» TASK OBJECTIVE
Since pictures do not belong in the copy, please repeat every record below exactly without them.

» SUPPLIED INFORMATION
****************

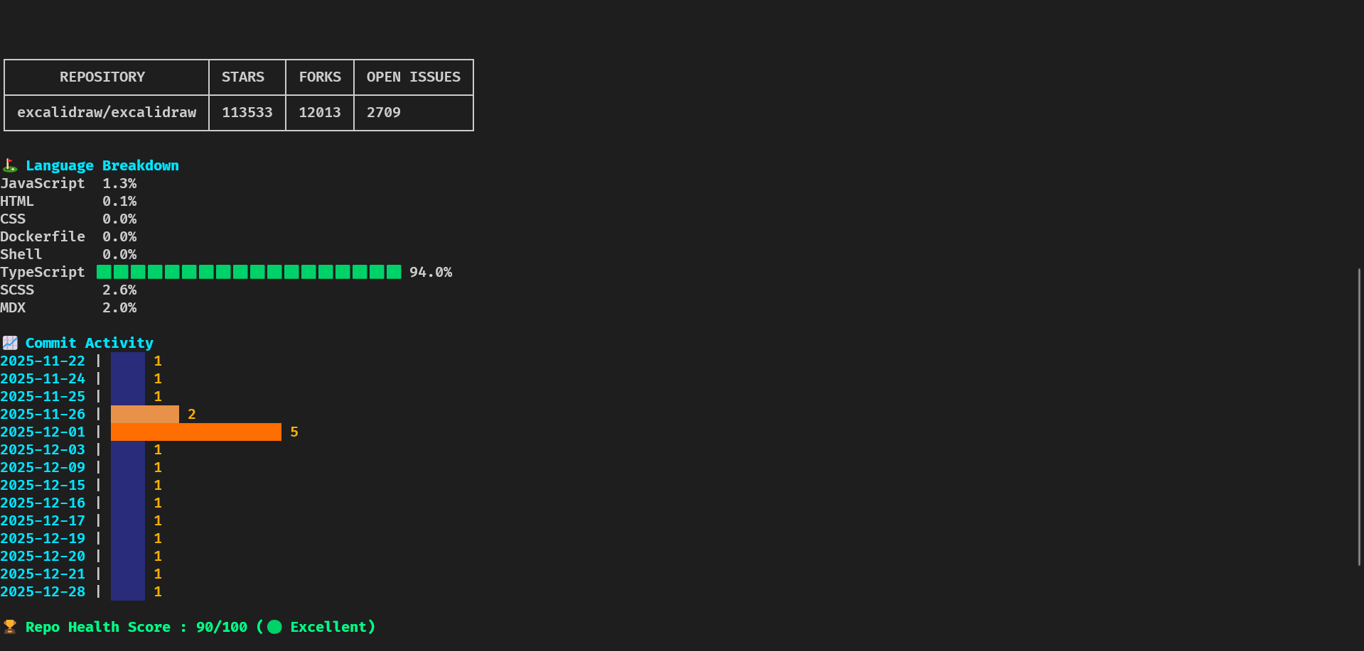 Repo-lyzer is a modern, terminal-based CLI tool written in Golang that analyzes GitHub repositories and presents insights in a beautifully formatted, interactive dashboard.
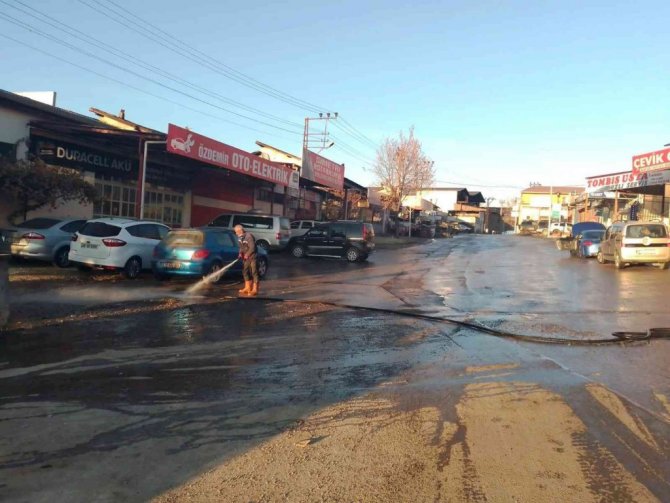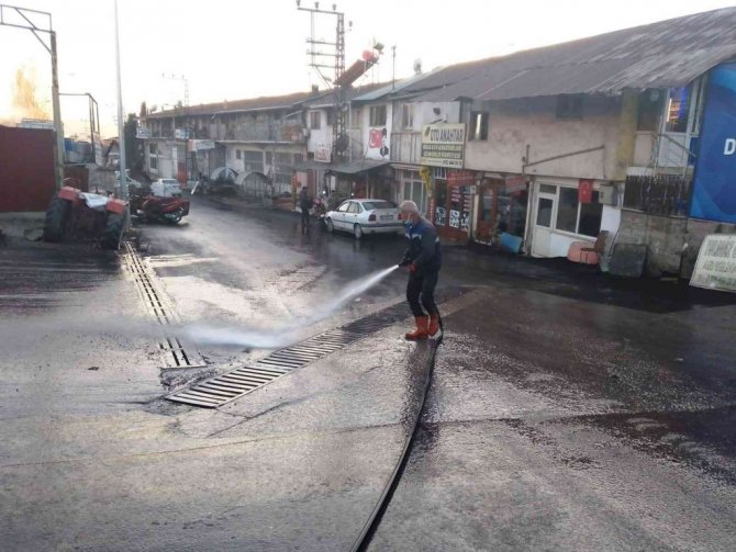 Belediyeden yapılan açıklamada, "Sanayi bölgesinde yapılan çalışmalardan dolayı meydana gelen çöplerin temizliğinin ardından yıkama çalışmaları da tamamlandı" denildi.
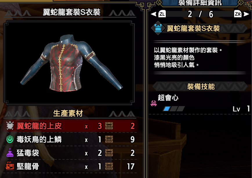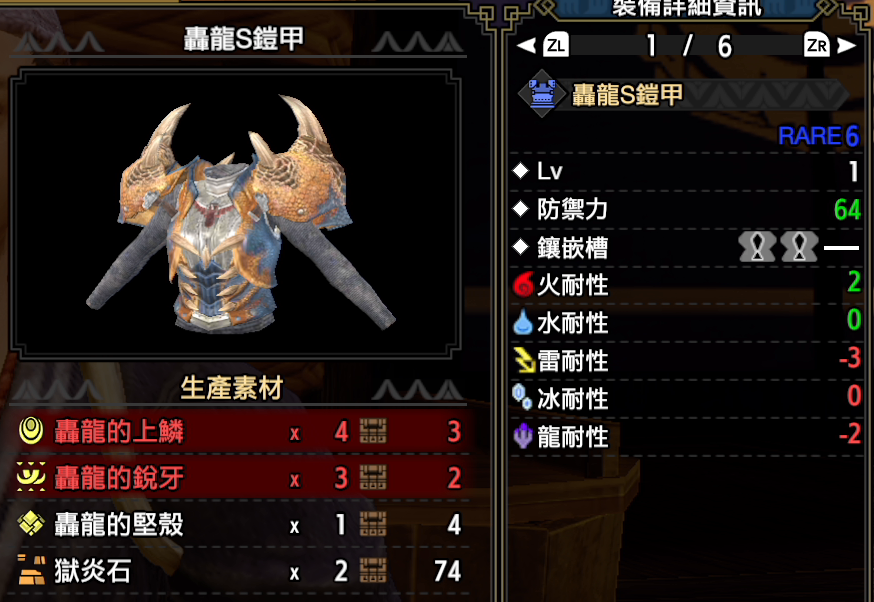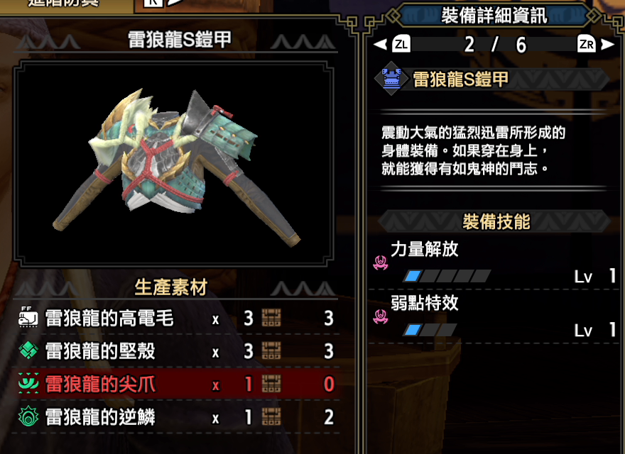 雷狼龍胸:力量解放1,弱點特效1,1級孔一個
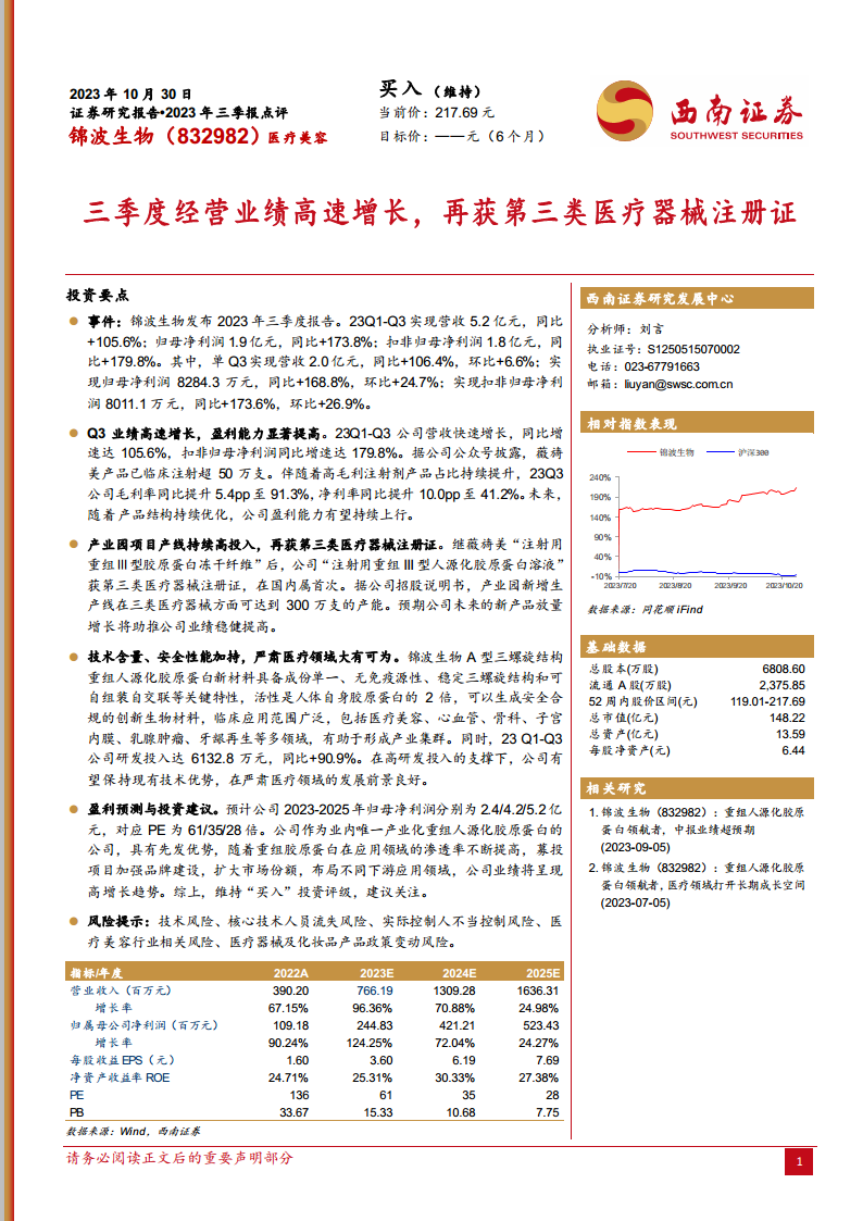 本报告核心观点指出,锦波生物在2023年第三季度展现出强劲的经营业绩增长势头,其营收和归母净利润均实现翻倍增长。公司盈利能力显著提升,主要得益于高毛利注射剂产品占比的持续提高以及重组人源化胶原蛋白核心技术的领先优势。
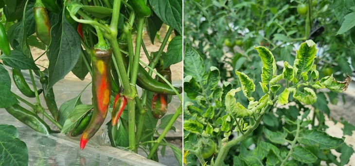 Å丶Åä¹ÝÁ¡À§Á¶¹ÙÀÌ·¯½º¿¡ °¨¿°µÈ °íÃß¿Í Å丶ÅäȲÈÀÙ¸»¸²¹ÙÀÌ·¯½º¿¡ °¨¿°µÈ Å丶Åä(¿À¸¥ÂÊ). Á¦ÁÖµµ³ó¾÷±â¼ú¿ø Á¦°ø
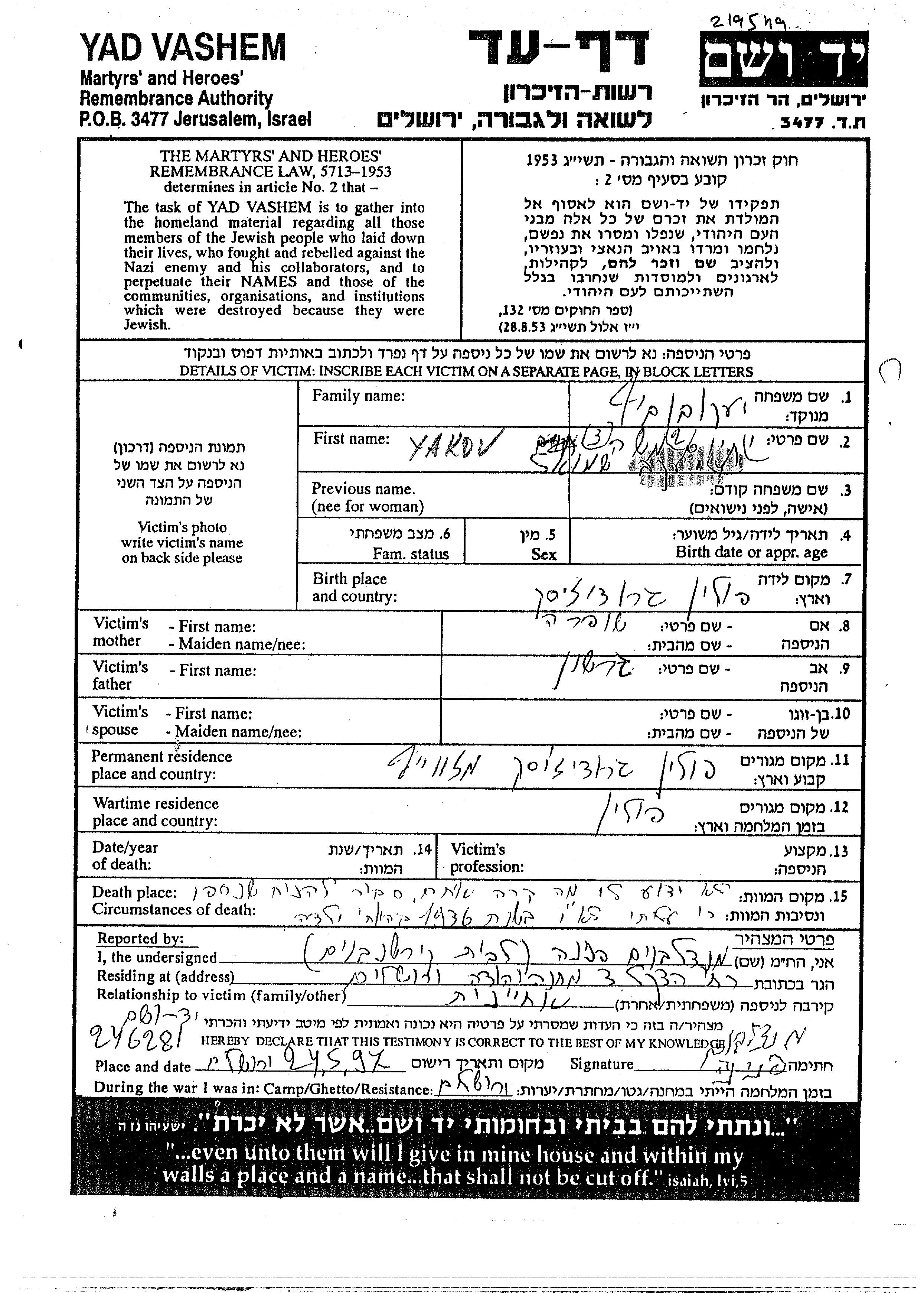 Yakov Yakubovich wurde in Grodzisk Mazowiecki, Polen geboren. Er war der Sohn von Gershon und Shifra. Vor dem Zweiten Weltkrieg lebte er in Grodzisk Mazowiecki, Polen. Während des Krieges war er in Grodzisk Mazowiecki, Polen.
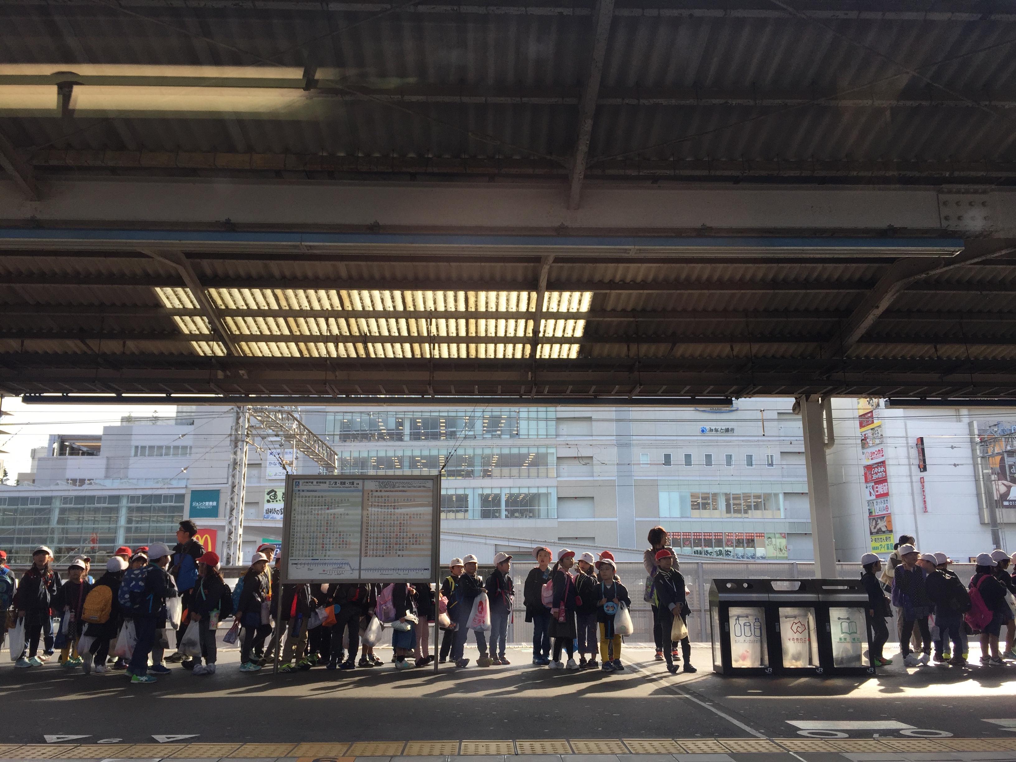 얘들도 어디로 소풍을 가는 걸로 보였는데, 다들 하나같이 비닐봉지에 점심인지를 담아서 얌전히 줄을 서 있는게 너무 귀여웠다.
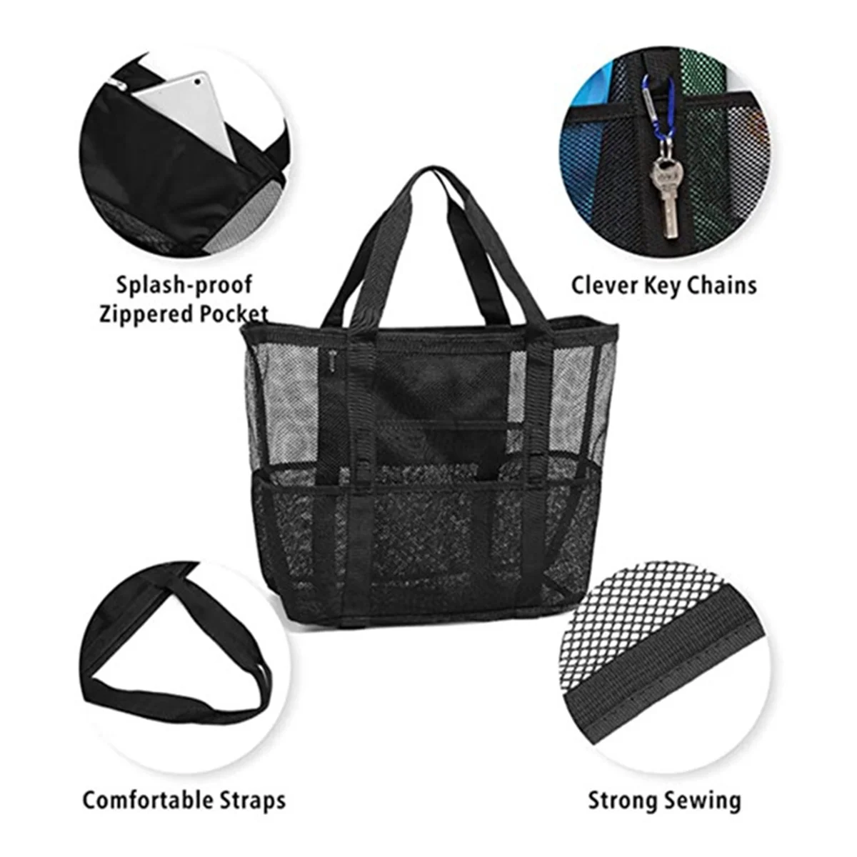 Вместительная сетчатая пляжная сумка-тоут, Портативная сумка для ланча, практичная сумка на плечо для ванной, дорожная сумка для хранения пищи и напитков
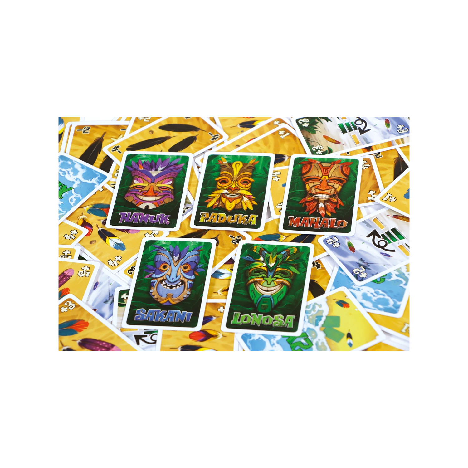 Het is feest op het eiland! Bij dit feest worden 5 verschillende houten maskers versierd. Het mooist versierde masker zal geluk en fortuin brengen voor degene die het gemaakt heeft. Iedereen versiert samen alle maskers, en wil natuurlijk zijn eigen masker zo mooi mogelijk maken, maar je wilt voorkomen dat anderen doorhebben welk masker van jou is, zodat de mooiste veren uiteindelijk bij jouw masker belanden.
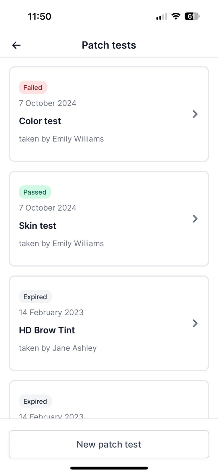 In the PhorestGo app, go to More > Clients. Search for the client > Tap Patch tests.
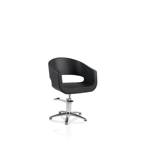 Elegáns és modern, könnyen tisztítható, fekete ökob-bőrrel kárpitozott fodrász szék, krómozott forgó talppal, hidraulikus pumpával és fékkel.

****************

» TASK ANSWER
 Repo-lyzer is a modern, terminal-based CLI tool written in Golang that analyzes GitHub repositories and presents insights in a beautifully formatted, interactive dashboard.
 Belediyeden yapılan açıklamada, "Sanayi bölgesinde yapılan çalışmalardan dolayı meydana gelen çöplerin temizliğinin ardından yıkama çalışmaları da tamamlandı" denildi.
 雷狼龍胸:力量解放1,弱點特效1,1級孔一個
 本报告核心观点指出,锦波生物在2023年第三季度展现出强劲的经营业绩增长势头,其营收和归母净利润均实现翻倍增长。公司盈利能力显著提升,主要得益于高毛利注射剂产品占比的持续提高以及重组人源化胶原蛋白核心技术的领先优势。
 Å丶Åä¹ÝÁ¡À§Á¶¹ÙÀÌ·¯½º¿¡ °¨¿°µÈ °íÃß¿Í Å丶ÅäȲÈÀÙ¸»¸²¹ÙÀÌ·¯½º¿¡ °¨¿°µÈ Å丶Åä(¿À¸¥ÂÊ). Á¦ÁÖµµ³ó¾÷±â¼ú¿ø Á¦°ø
 Yakov Yakubovich wurde in Grodzisk Mazowiecki, Polen geboren. Er war der Sohn von Gershon und Shifra. Vor dem Zweiten Weltkrieg lebte er in Grodzisk Mazowiecki, Polen. Während des Krieges war er in Grodzisk Mazowiecki, Polen.
 얘들도 어디로 소풍을 가는 걸로 보였는데, 다들 하나같이 비닐봉지에 점심인지를 담아서 얌전히 줄을 서 있는게 너무 귀여웠다.
 Вместительная сетчатая пляжная сумка-тоут, Портативная сумка для ланча, практичная сумка на плечо для ванной, дорожная сумка для хранения пищи и напитков
 Het is feest op het eiland! Bij dit feest worden 5 verschillende houten maskers versierd. Het mooist versierde masker zal geluk en fortuin brengen voor degene die het gemaakt heeft. Iedereen versiert samen alle maskers, en wil natuurlijk zijn eigen masker zo mooi mogelijk maken, maar je wilt voorkomen dat anderen doorhebben welk masker van jou is, zodat de mooiste veren uiteindelijk bij jouw masker belanden.
 In the PhorestGo app, go to More > Clients. Search for the client > Tap Patch tests.
 Elegáns és modern, könnyen tisztítható, fekete ökob-bőrrel kárpitozott fodrász szék, krómozott forgó talppal, hidraulikus pumpával és fékkel.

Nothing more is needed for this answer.